DESCRIPTION OF CAPITAL STOCK

General

The following is a description of our capital stock and certain provisions of our certificate of formation, bylaws and certain provisions of applicable law. The following is only a summary and is qualified by applicable law and by the provisions of our certificate of formation and bylaws, copies of which are included as exhibits to the registration statement of which this prospectus forms a part.

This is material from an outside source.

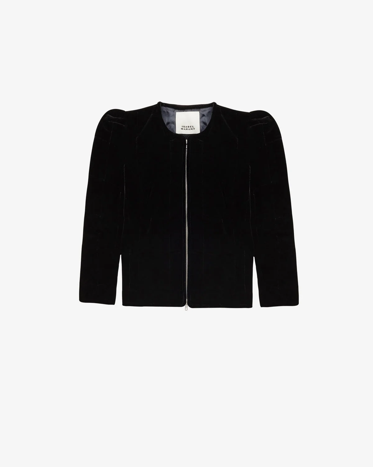 Short jacket in quilted plain-colored velvet Round neckline Structured shoulders 3/4 sleeves Done up with a visible, two-way, silver-finish metal zipper Satin lining Fitted cut Style: VE0385FA-B3E02I DJANET 82% viscose, 18% silk

We are incorporated in the State of Texas. The rights of our shareholders are generally covered by Texas law and our certificate of formation and bylaws. The terms of our capital stock are therefore subject to Texas law, including the Texas Business Organizations Code, and the common and constitutional law of Texas.

Our authorized capital stock consists of 90,000,000 shares of common stock, par value $0.01 per share, and 10,000,000 shares of preferred stock, par value $0.01 per share. As of January 11, 2018, we had 37,284,157 shares of our common stock outstanding held by 180 shareholders of record, and no shares of our preferred stock were outstanding. All of our shares outstanding at that date were fully paid and non-assessable.

Our Common Stock

We have one class of common stock. All holders of our common stock are entitled to the same rights and privileges, as described below.

Voting Rights. Subject to any special voting rights that may be given to any series of preferred stock that we may issue in the future, holders of our common stock are entitled to one vote per share in the election of directors and on all other matters submitted to a vote at a meeting of shareholders. No shareholder has the right of cumulative voting with respect to the election of directors. Directors will be elected by a plurality of the votes cast.

Dividend Rights. Holders of our common stock are entitled to dividends when, as and if declared by our board of directors out of funds legally available therefor.

Liquidation Rights. On liquidation of the Company, the holders of the common stock are entitled to share pro rata in any distribution of the assets of the Company after the holders of shares of preferred stock or other senior securities have received the liquidation preference of their shares plus any declared but unpaid dividends, if any, and after the payment of all other indebtedness and liabilities of the Company.